I'm new to math stack exchange. Hope this goes well!
So, I have a set of exponential functions each defined in the form \begin{aligned} f_i(x)=a_ie^{-b_ix}+c_i \end{aligned} where $(a_i, b_i, c_i) \in \Bbb R^+$. (EDIT: Changed from $\Bbb R$ to $\Bbb R^+$)
Is it correct to say that: \begin{aligned} \frac{1}{n}\sum_{i=1}^{n}f_i(x) &= (\frac{1}{n}\sum_{i=1}^{n}a_i)e^{-(\frac{1}{n}\sum_{i=1}^{n}b_i)x}+\frac{1}{n}\sum_{i=1}^{n}c_i \end{aligned}
for $n \in \Bbb Z^+$?
If so, how can we prove it?
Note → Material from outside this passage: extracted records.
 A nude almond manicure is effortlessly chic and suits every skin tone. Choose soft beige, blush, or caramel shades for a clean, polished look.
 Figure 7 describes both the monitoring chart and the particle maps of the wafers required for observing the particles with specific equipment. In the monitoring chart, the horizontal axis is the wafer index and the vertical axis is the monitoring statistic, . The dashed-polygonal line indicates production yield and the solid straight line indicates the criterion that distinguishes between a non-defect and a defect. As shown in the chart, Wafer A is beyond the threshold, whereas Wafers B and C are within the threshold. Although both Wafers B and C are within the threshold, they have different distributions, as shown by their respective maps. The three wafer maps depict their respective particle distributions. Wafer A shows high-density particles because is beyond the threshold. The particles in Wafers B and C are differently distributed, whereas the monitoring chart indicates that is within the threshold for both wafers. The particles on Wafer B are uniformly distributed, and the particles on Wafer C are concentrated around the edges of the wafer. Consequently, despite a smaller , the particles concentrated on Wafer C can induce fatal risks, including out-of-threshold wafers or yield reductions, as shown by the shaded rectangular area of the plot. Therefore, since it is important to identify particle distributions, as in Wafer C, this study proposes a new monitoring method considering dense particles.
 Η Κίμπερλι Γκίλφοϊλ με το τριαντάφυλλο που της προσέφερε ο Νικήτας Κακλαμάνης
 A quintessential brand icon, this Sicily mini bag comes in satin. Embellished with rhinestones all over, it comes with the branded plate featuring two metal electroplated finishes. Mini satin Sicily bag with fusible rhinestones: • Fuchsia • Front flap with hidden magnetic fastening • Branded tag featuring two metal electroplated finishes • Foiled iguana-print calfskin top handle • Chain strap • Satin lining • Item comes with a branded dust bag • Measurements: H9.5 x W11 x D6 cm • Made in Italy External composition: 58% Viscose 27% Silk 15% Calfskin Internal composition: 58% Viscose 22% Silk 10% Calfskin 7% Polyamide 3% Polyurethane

If not, why not?
You wrote :
First there is a mistake : A sum from $i=0$ to $i=n$ counts $n+1$ terms, not $n$.
So, for average, you should write $\frac{1}{n+1}\sum_{i=0}^{n}$ or $\frac{1}{n}\sum_{i=1}^{n}$ ,but not $\frac{1}{n}\sum_{i=0}^{n}$ .
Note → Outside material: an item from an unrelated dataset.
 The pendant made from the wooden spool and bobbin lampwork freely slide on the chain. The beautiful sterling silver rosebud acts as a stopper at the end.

I suppose that it is a typo and that the proposed relationship is $$\frac{1}{n}\sum_{i=1}^{n}(a_ie^{-b_ix}+c_i) = (\frac{1}{n}\sum_{i=1}^{n}a_i)e^{-(\frac{1}{n}\sum_{i=1}^{n}b_i)x}+\frac{1}{n}\sum_{i=1}^{n}c_i$$
It is easy to find a lot of counter-examples .
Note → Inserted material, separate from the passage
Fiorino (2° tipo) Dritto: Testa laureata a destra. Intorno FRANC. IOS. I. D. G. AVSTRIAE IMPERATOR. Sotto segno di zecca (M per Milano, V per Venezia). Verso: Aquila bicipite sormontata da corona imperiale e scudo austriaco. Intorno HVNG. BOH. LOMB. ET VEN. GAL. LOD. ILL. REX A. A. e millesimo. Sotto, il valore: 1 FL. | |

For example, check your formula with
$$n=2\:;\:a_1=a_2=1\:;\:b_1=1\:;\:b_2=3\:;\:c _1=c_2=0$$ $$\begin{cases} \frac{1}{n}\sum_{i=1}^{n}(a_ie^{-b_ix}+c_i) =\frac12 (e^{-x}+e^{-3x})\\ (\frac{1}{n}\sum_{i=1}^{n}a_i)e^{-(\frac{1}{n}\sum_{i=1}^{n}b_i)x}+\frac{1}{n}\sum_{i=1}^{n}c_i =e^{-2x} \end{cases}$$ $$\frac12 (e^{-x}+e^{-3x})\neq e^{-2x}$$ Thus $\quad \boxed{\frac{1}{n}\sum_{i=1}^{n}f_i(x) = (\frac{1}{n}\sum_{i=1}^{n}a_i)e^{-(\frac{1}{n}\sum_{i=1}^{n}b_i)x}+\frac{1}{n}\sum_{i=1}^{n}c_i\quad \text{is false.}}$
Another obvious counter-example, with $a_k=1\:;\:b_k=k\:;\: c_k=0$ :
$$\quad \frac{1}{n}\sum_{k=0}^{n}e^{-kx} \neq e^{-\frac{n+1}{2}x}$$ because $\frac{1}{n}\sum_{k=0}^{n}e^{-kx}=\frac{e^{-x}-e^{-(n+1)x}}{n(1-e^{-x})}\neq e^{-\frac{n+1}{2}x}$ .
Note that the proposed relationship is true in the trivial case $b_1=b_2=…=b_n$ .